Something awful had happened when we started going to high school. It wasn’t immediate, more of a gradual shift, but nonetheless detrimental to me.

Dante was physical and he always seemed to need an aggressive outlet for it so, much to my chagrin, he was often in some sport or other. Football was his favorite so every fall from the time we were in sixth grade, he had practice. Every year practice seemed to eat up more and more of his time.

I tried to take it well, but I was so jealous of his time and attention that I didn’t. But I did try.

I started taking drama after school myself, and it suited me. My stutter still plagued me at the worst of times, so I never got a speaking role in the school plays, but I was happy to fill extra spots and work on the set.
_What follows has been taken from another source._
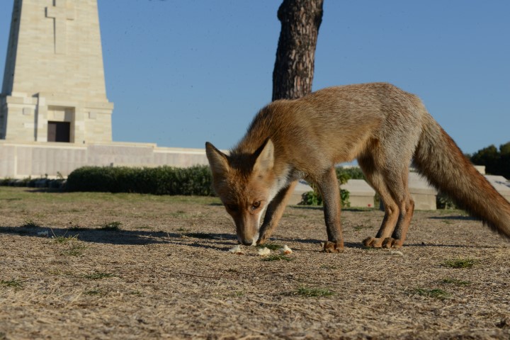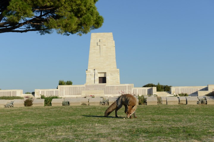 Tarihi Gelibolu Yarımadası'nda yabani tilkinin bölgeyi gezmeye gelen turistlerden kaçmaması görenleri şaşırtıyor.

I thought for a while that it would work. We both had things to do, opposite interests that took up our time.

I’d finish drama and go watch him from the bleachers, sometimes I’d do my homework, sometimes I’d read, sometimes I’d just ogle him, and then we’d either drive or walk home together.

On paper it sounded great, but that’s not what happened.

In high school it became apparent that he was quite good at everyone’s favorite sport and for some reason it started to matter to people and seemingly overnight he was one of the popular kids.

It was awful for me. I was no more popular than ever. In fact when jealous girls got wind that I was his girlfriend and just how long we’d been an item, and how smitten he was with me, I was more hated than ever, which was saying a lot.

I started getting into fights again. Bad ones. And I was old enough now that I was getting in serious trouble for it. I almost got kicked out of school for one incident with a girl in the locker room (a girl who unfortunately also happened to be the daughter of one of the local sheriffs) that involved her dumping Gatorade on my head and me slamming her face into the locker.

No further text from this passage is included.